Setelah nangis mereda, aku ajak mandi. Apakah mau? Engga. Dia memilih untuk baca buku muslim. Sedangkan waktu sudah jam 17.30. Negosiasi dimulai kembali. Membangun komunikasi kembali. "Ohiya, bukannya tadi pagi kita berencana untuk mandi sore pakai centong sayur lagi, ya, abang?". Dia teringat. Langsung beranjak menuju kamar mandi. Sampai depan kamar mandi, tiba-tiba gamau masuk. Dia ketakutan. Aku ingat, tadi pagi dia lihat ada kecoa di kamar mandi. Akhirnya, aku bangun kembali komunikasi. "Coba kita periksa bareng2, ada gak ya kecoanya???". Kami masuk kamar mandi bersama-sama. "Coba lihat di bawah, ohh... Gak ada ya. Coba lihat di pojok situ, hmm.. gak ada juga. Kamar mandinya bersih bang, gak ada kecoa lagii. Aman ya! Kita mandi yuk. Centong sayurnya udah ada disini". Akhirnya kita mulai mandi. Selesai mandiiii. Apakah zayd mau langsung keluar? Engga. Dia mau main centong sayur lebih lama. Negosiasi dimulai kembali. Dengan segala macam tawaran yang aku bisa berikan, dia enggan keluar kamar mandi. Akhrinya, pemaksaan adalah jalan pintas terakhir. Dia nangis. Gapapa. Kali ini nangis dulu.

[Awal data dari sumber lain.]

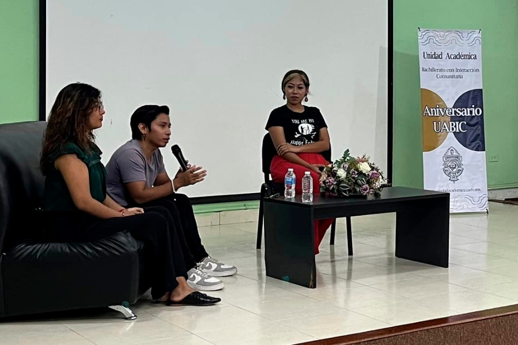 En la plática intervinieron las y los estudiantes Gabriela de Jesús Flores Medina, de la primera generación y quien actualmente se desempeña como profesora del área Responsabilidad Social de la UABIC; Eduardo Rogelio Uc Canché, de la sexta generación y quien se encuentra finalizando sus estudios en la Licenciatura en Historia, así como Ingrid Karely Solís Gutiérrez de la octava generación y que está en la parte final de sus estudios en la Facultad de Derecho.

"Sabar.. sabar.. abang mau makan? Abati lagi makan, tuh. Setelah mandi, kita makan sore dulu, oke?", akhirnya, dia mereda nangisnya. Makan sore berjalan dengan sangat baik dan kondusif. Makan sendiri dengan lahap. Aku tinggal shalat maghrib pun, dia masih melahap makanannya.

Setelah makan selesai, kembali ke kmar mandi untuk bersih-bersih. Apakah mau? Engga. Dengan segala macam cara, aku tetap ajak dia ke kamar mandi. Jujur, kehabisan ide. Akhirnya, zayd sendiri yang ambil panci masak air ke kamar mandi. "Iya, ambil, boleh. Bawa ke kamar mandi ya". Dia main panci di kamar mandi. Selesai bersih-bersih, apakah mau selesai? Engga juga. Dia gak mau keluar kamar mandi, padahal, sudah malam. Akhirnya, pemaksaan dimulai. Nangis? Tentu. Namun, aku mencoba tetap tenang. "Sabar.. sabar.. ini sudah malam, Abang. Bukan waktunya main di kamar mandi.. Kita bobo yuk, abang mau nen?" tangisannya mereda. Biidznillaah. Sampai akhirnya ba'da maghrib dia tidur dengan nyenyak tanpa drama.

Ternyata.. ketenangan Ibu menyikapi tangisan anak sangat membantu mempermudah anak meredakan tangisannya. Bukan dengan mengalihkan tangisnya kepada hal lain, melainkan membersamainya dalam mengelola emosinya.

Dan ketenangan seorang Ibu, tidak akan bisa hadir kecuali Allah yang hadirkan. Disini, aku belajar bahwa, ketenangan adalah solusi bathin sebelum solusi zhahir yang Allah berikan melalui anakku.

Ketenangan adalah nikmat besar dalam setiap kondisi yang tidak ideal.

Dan ketenangan adalah kebutuhan di setiap detik ketika memerankan setiap peran kehidupan.

Bahwa kebahagiaan bukan semata tentang mudahnya segala urusan, melainkan kebahagiaan adalah ketika Allah berikan taufik untuk tenang menyikapi setiap kendala di depan mata.

Bahwa solusi bathin jauh lebih dibutuhkan sebelum hadirnya solusi zhahir yang Allah berikan.